WHAT THE TASK REQUIRES —
All pictures are to be dropped, and the remaining data set down exactly.

DATA EXCERPT —
<<<<

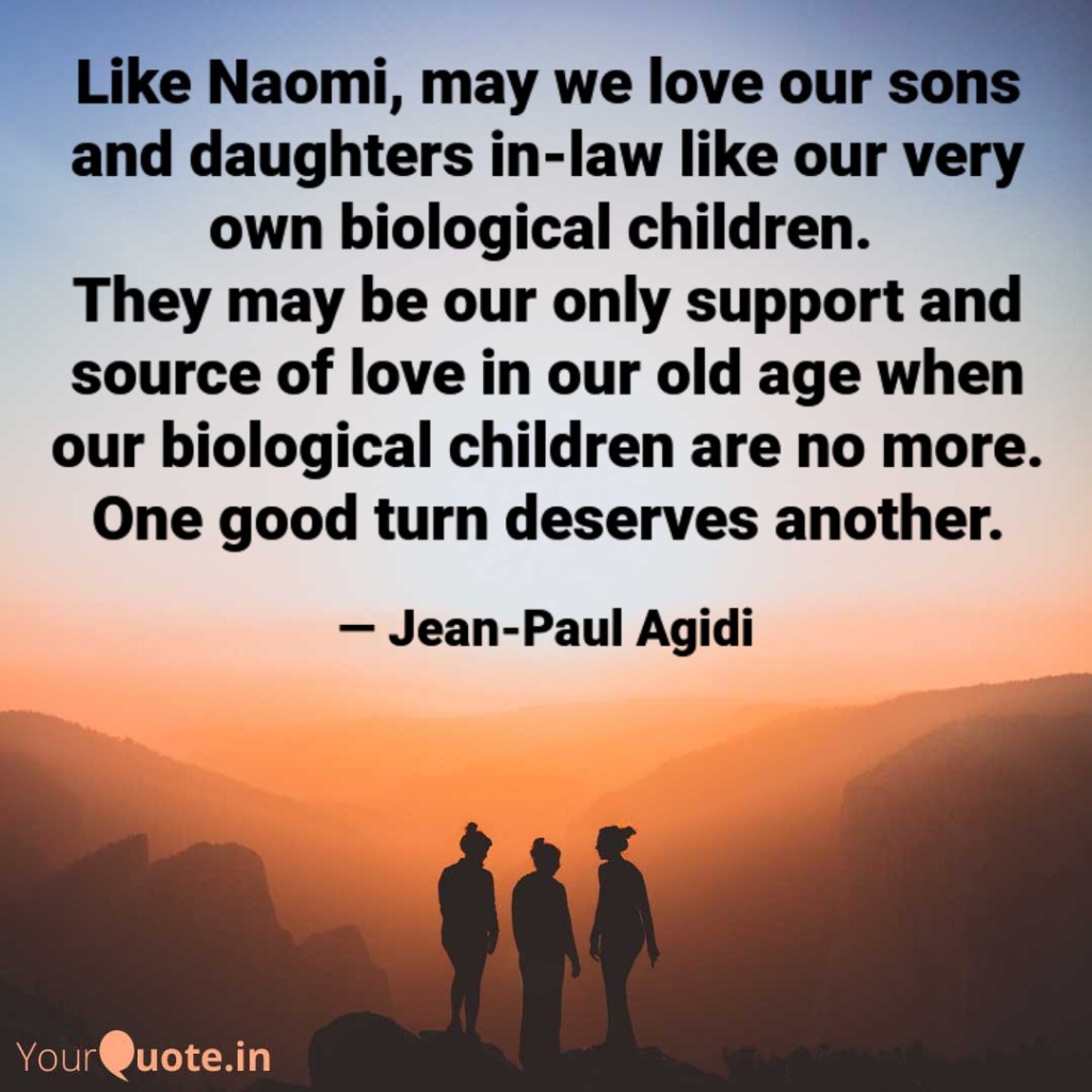 Beloved in the Lord, imagine Naomi had maltreated her two daughters-in-law when the sons were alive, she would have felt sorry for herself because Ruth and Orpah will not hesitate to leave soon after the demise of their husbands. It is evident that Naomi loved and cared dearly for her daughters-in-law just as she loved her own sons. Orpah eventually left, although she was hesitant but Ruth’s love and commitment to her mother-in-law law was beyond comprehension. Let us learn to love the spouses of our children as if they are our very own for tomorrow they may become our very own when our biological children are no more alive to love and support us in our old age. One good turn certainly deserves another. The grace of God was with Naomi in that she found the daughter that she never had in Ruth. God continues to work in miraculous ways in our lives, let us continue to trust in Him even when we are saddled with challenges and uncertainties of life, He makes a way where there is none. Shalom.
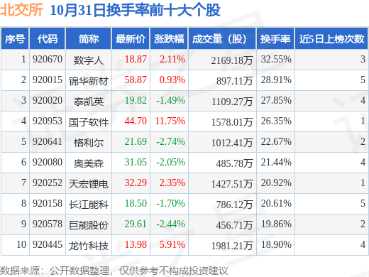 当日北交所换手率前10大个股中5只个股收涨,平均涨幅4.61%,其中数字人(920670)以换手率32.55%排第一,8只个股近5个交易日中多次上榜。
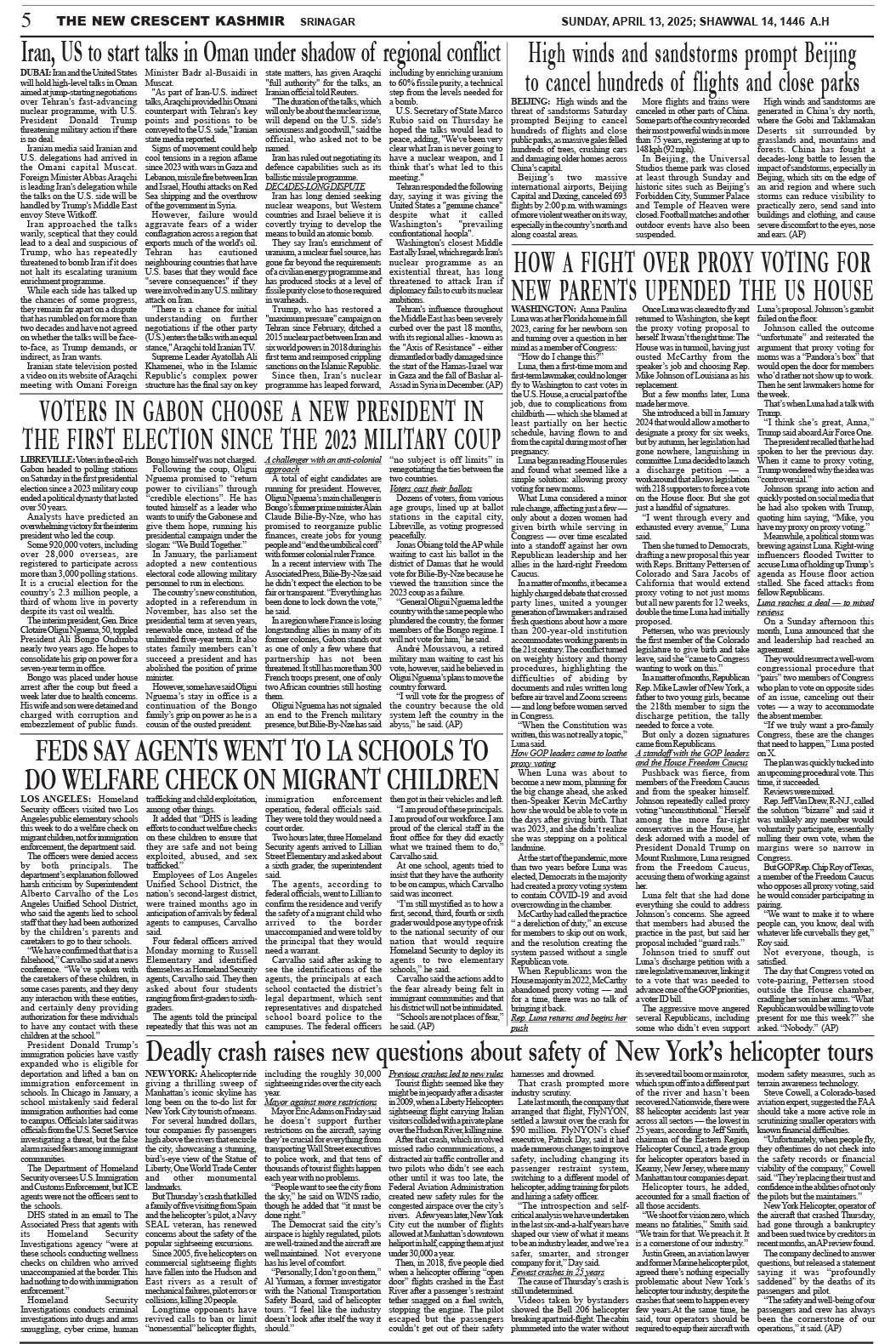 Crescent Kashmir 13-04-2025 Page: 5 April 13, 2025 << First << 5 >> Last >> Page 1Page 2Page 3Page 4Page 5Page 6Page 7Page 8 × Crescent Kashmir 13-04-2025 << First << 5 >> Last >> CK 1CK 2CK 3CK 4CK 5CK 6CK 7CK 8 CK 5

>>>>

SOLUTION BELOW —
 Beloved in the Lord, imagine Naomi had maltreated her two daughters-in-law when the sons were alive, she would have felt sorry for herself because Ruth and Orpah will not hesitate to leave soon after the demise of their husbands. It is evident that Naomi loved and cared dearly for her daughters-in-law just as she loved her own sons. Orpah eventually left, although she was hesitant but Ruth’s love and commitment to her mother-in-law law was beyond comprehension. Let us learn to love the spouses of our children as if they are our very own for tomorrow they may become our very own when our biological children are no more alive to love and support us in our old age. One good turn certainly deserves another. The grace of God was with Naomi in that she found the daughter that she never had in Ruth. God continues to work in miraculous ways in our lives, let us continue to trust in Him even when we are saddled with challenges and uncertainties of life, He makes a way where there is none. Shalom.
 当日北交所换手率前10大个股中5只个股收涨,平均涨幅4.61%,其中数字人(920670)以换手率32.55%排第一,8只个股近5个交易日中多次上榜。
 Crescent Kashmir 13-04-2025 Page: 5 April 13, 2025 << First << 5 >> Last >> Page 1Page 2Page 3Page 4Page 5Page 6Page 7Page 8 × Crescent Kashmir 13-04-2025 << First << 5 >> Last >> CK 1CK 2CK 3CK 4CK 5CK 6CK 7CK 8 CK 5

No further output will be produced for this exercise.